Queenstown Lakes District Council (QLDC) has confirmed it intends to accept and abide by the recent decision of the Environment Court regarding zoning of the land in Wānaka known as Sticky Forest.

QLDC Chief Executive Mike Theelen said Council had engaged fully with the Court process to zone the land appropriately through its mandatory review of the Queenstown Lakes District Plan.

“Council’s objective throughout the process was to ensure that the zoning took into account complicated considerations regarding the block. These included the need to recognise and provide for the relationship between Māori, their culture and traditions and their ancestral lands and sites, as well as protecting the values of the Dublin Bay outstanding natural landscape that’s located both within and to the north of Sticky Forest,” he said.

“The Environment Court conducted an extensive process and received evidence from a range of experts on these matters. It has balanced these considerations and issued its decision on how the land should be zoned.”

“The decision includes a number of directions on steps required to finalise the district plan framework that applies to Sticky Forest, and Council is working with the parties to progress those steps,” said Mr Theelen.

Sticky Forest is currently held by the Crown, effectively on trust, pending transfer to a group of intended owners pursuant to the Ngāi Tahu Claims Settlement Act 1998 and Ngāi Tahu Deed of Settlement 1997.

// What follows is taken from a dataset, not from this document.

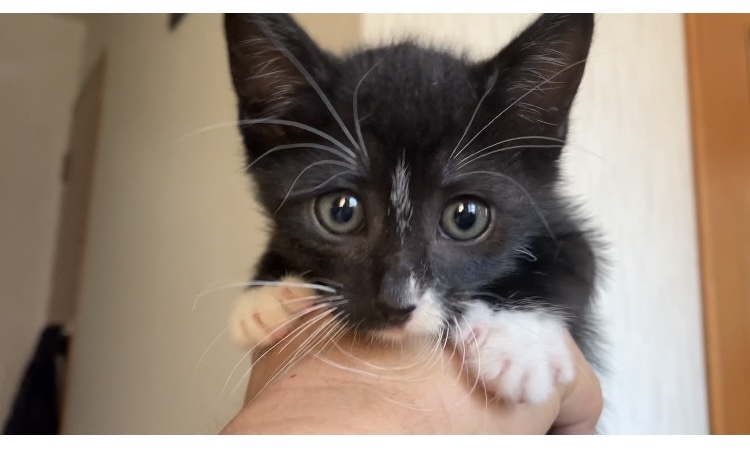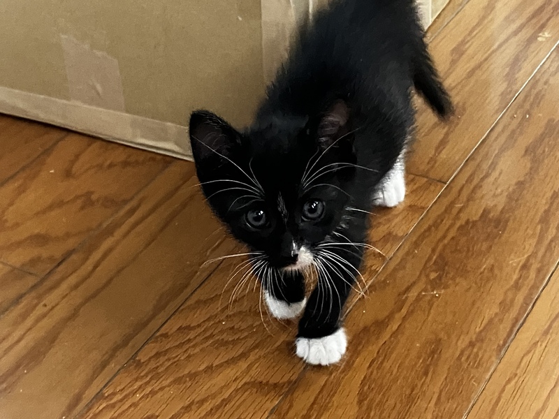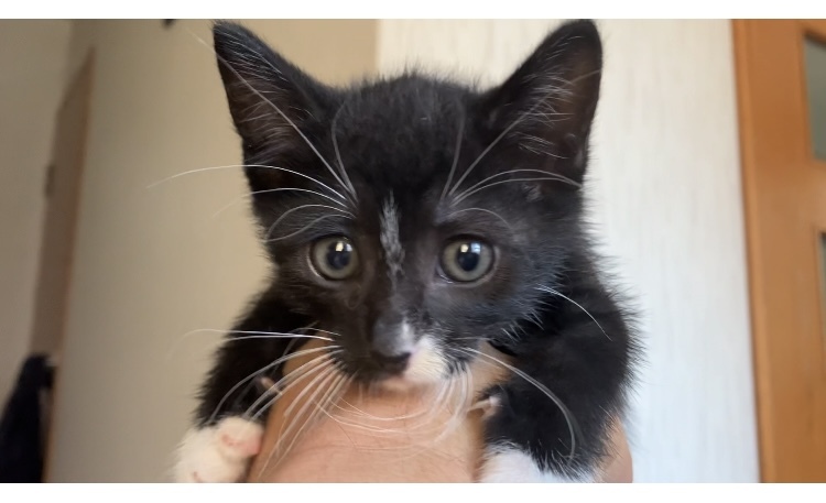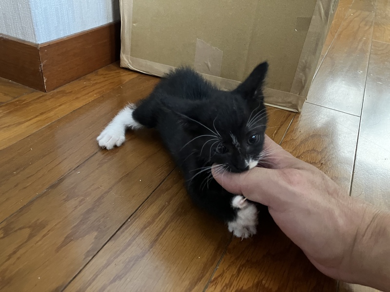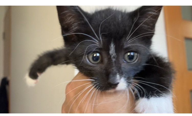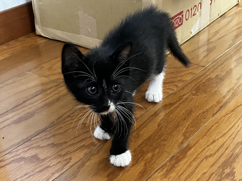 | 特徴(性格など) | 黒多め、お腹側白色。足先鼻先お髭白。 まだ小さいこともあり好奇心旺盛で走り回っています。 ようやくおトイレの砂が使えるようになってきたところです。 カリカリも食べられるようになってきました。 |

The intended owners are the descendants of specified Māori individuals of a Ngāi Tahu land settlement. These tīpuna (ancestors) did not receive a 670-hectare block at The Neck between Lake Hāwea and Lake Wānaka that was promised to them in 1895, under the South Island Landless Natives Act 1906, and Sticky Forest was provided as redress for this. The appellants are two of the intended owners.

The area has been used informally by people in recent years for recreational activities like mountain biking.